BUT in the book, they have given two answers:
d+3 and -(d+3)

Arent they wrong? if something is under the square root sign we always consider positive answer only, don't we? Please clarify this doubt.

If someone has Manhattan Prep 6th Edition Algebra book, this is on page 182 and the explanation is page 71.



\(\sqrt{d^2+6d+9}=\sqrt{(d+3)^2}=|d+3|\). So, the answer is d + 3 or -(d + 3). Notice that -(d + 3) is not necessarily negative, for example consider d = -4.


Thank you so much for your explanation. I got confused since in the book they have mentioned that if a square root sign is used in the GMAT, only the positive value is considered. e.g.. \(\sqrt{16}\) then answer should be only 4 and not both 4 and -4.


The book is correct.

Check again: \(\sqrt{d^2+6d+9}=\sqrt{(d+3)^2}=|d+3|\). So, we got that the result is |d + 3| (the absolute value of d + 3). Absolute value is always non-negative, so the result we got (|d + 3|) cannot be negative, it could be positive or 0.

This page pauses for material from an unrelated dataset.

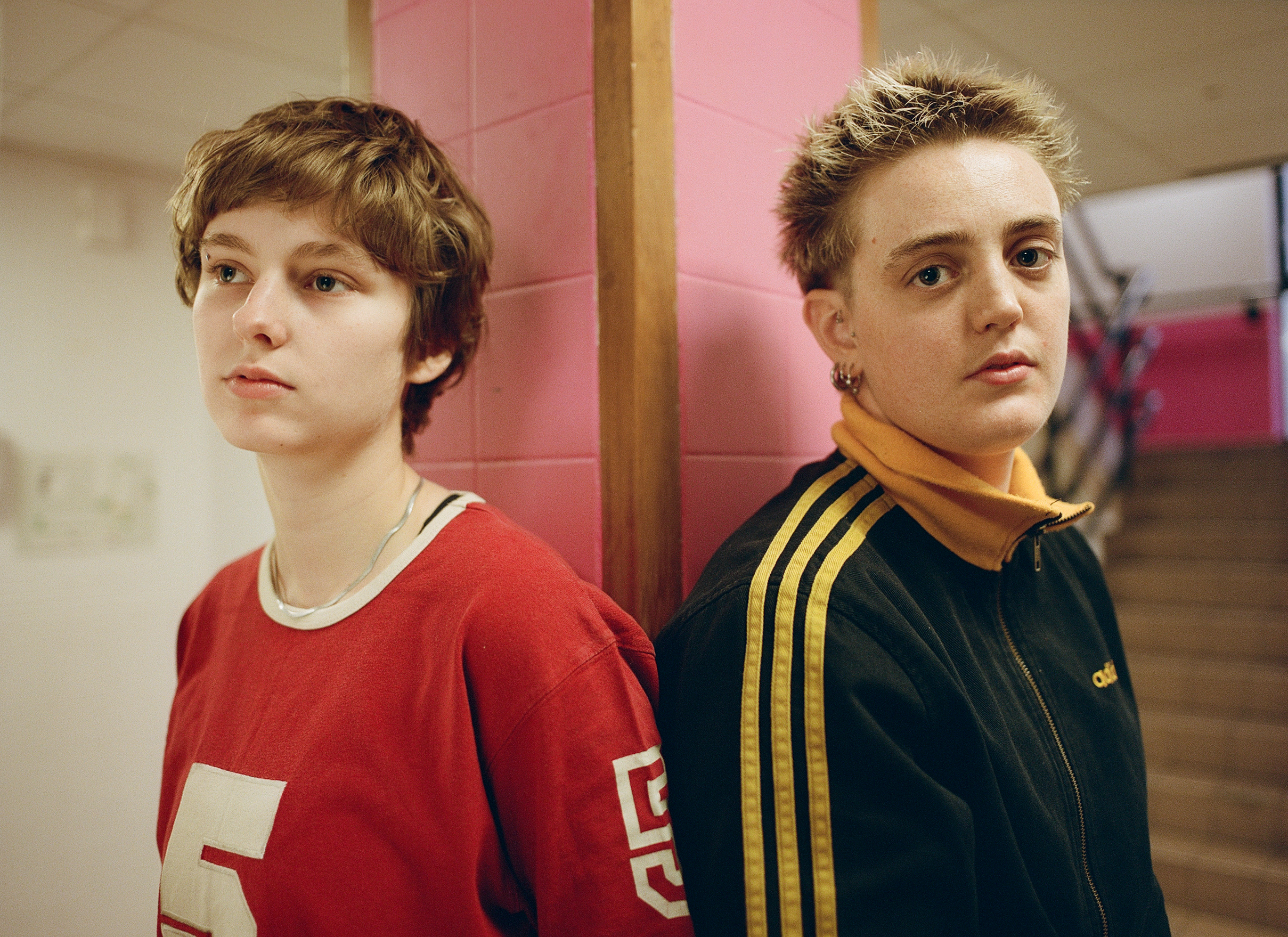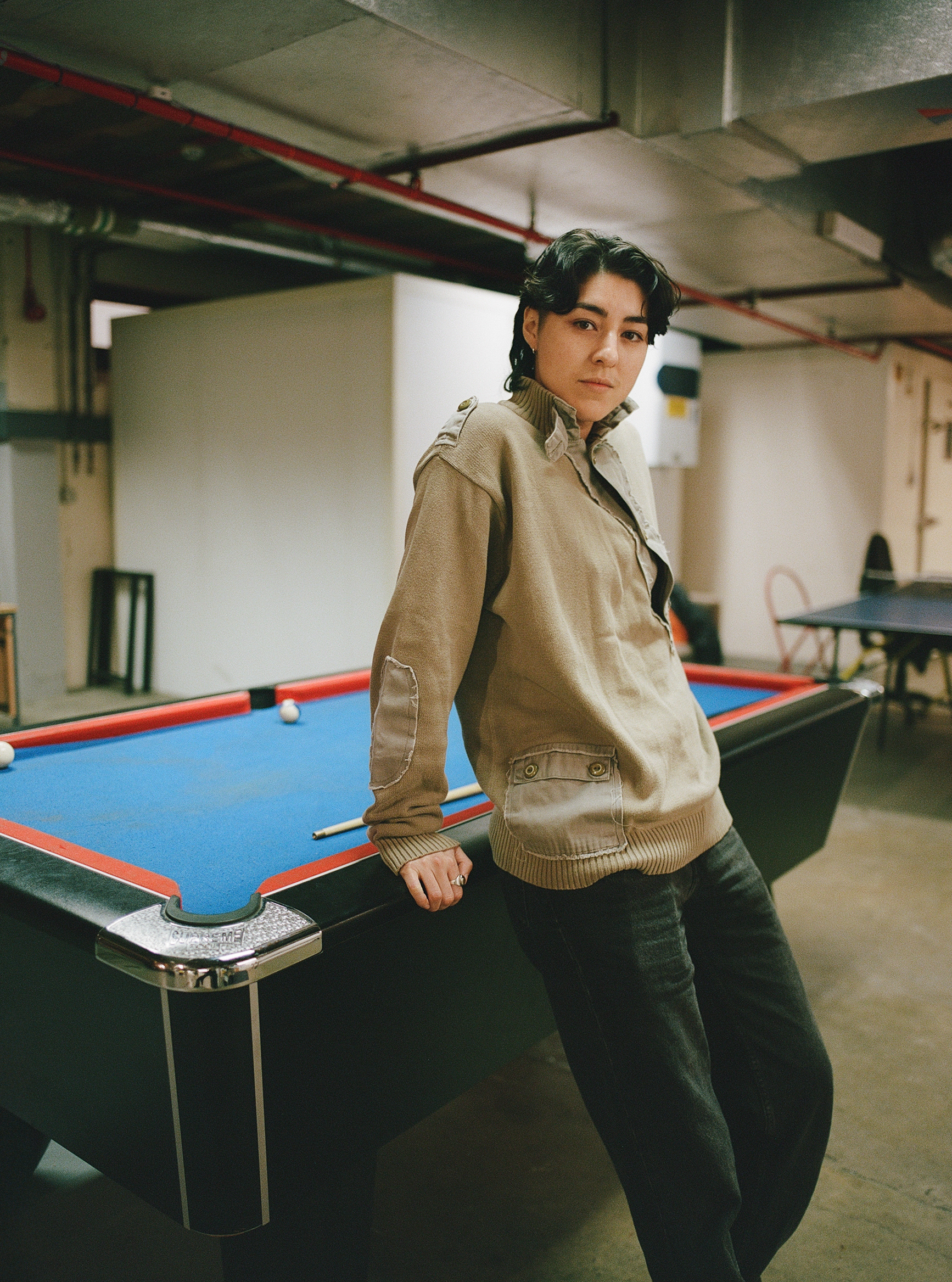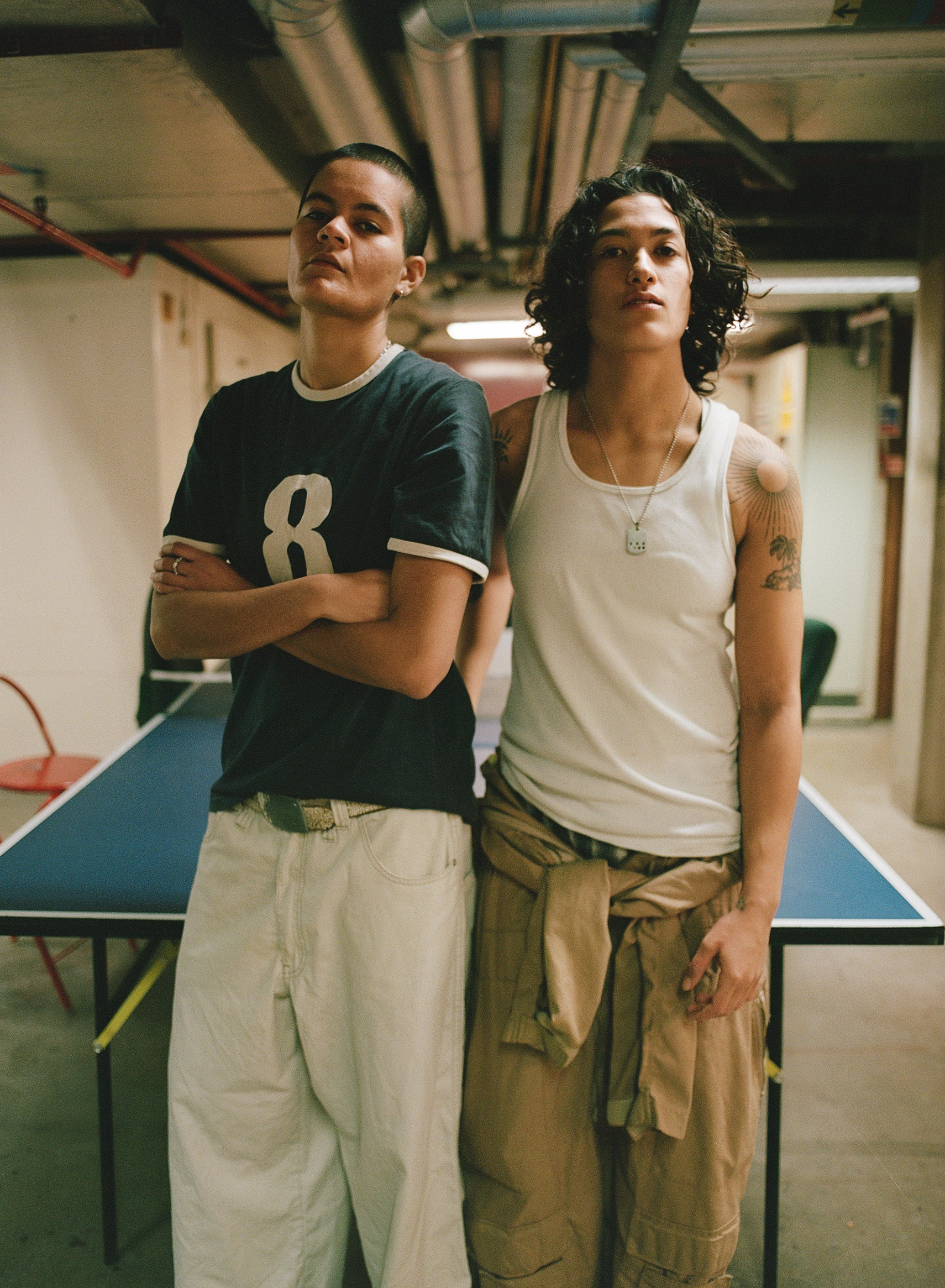 Shot last winter in an old hospital wing that hasn’t been updated since the ’80s, Indi – whose partner Kri was Homme’s first ever player – made use of its retro wood panelling, lino flooring and pool table to create a college dorm, fraternity-esque atmosphere, rewriting heteronormative narratives about who belongs in those spaces and displaying the way queer and trans people experience joy.

More about the even roots on the GMAT:

\(\sqrt{...}\) is the square root sign, a function (called the principal square root function), which cannot give negative result. So, this sign (\(\sqrt{...}\)) always means non-negative square root.

Image
The graph of the function f(x) = √x

Notice that it's defined for non-negative numbers and is producing non-negative results.

TO SUMMARIZE:
When the GMAT provides the square root sign for an even root, such as a square root, fourth root, etc. then the only accepted answer is the non-negative root. That is:

\(\sqrt{9} = 3\), NOT +3 or -3;
\(\sqrt[4]{16} = 2\), NOT +2 or -2;

Notice that in contrast, the equation \(x^2 = 9\) has TWO solutions, +3 and -3. Because \(x^2 = 9\) means that \(x =-\sqrt{9}=-3\) or \(x=\sqrt{9}=3\).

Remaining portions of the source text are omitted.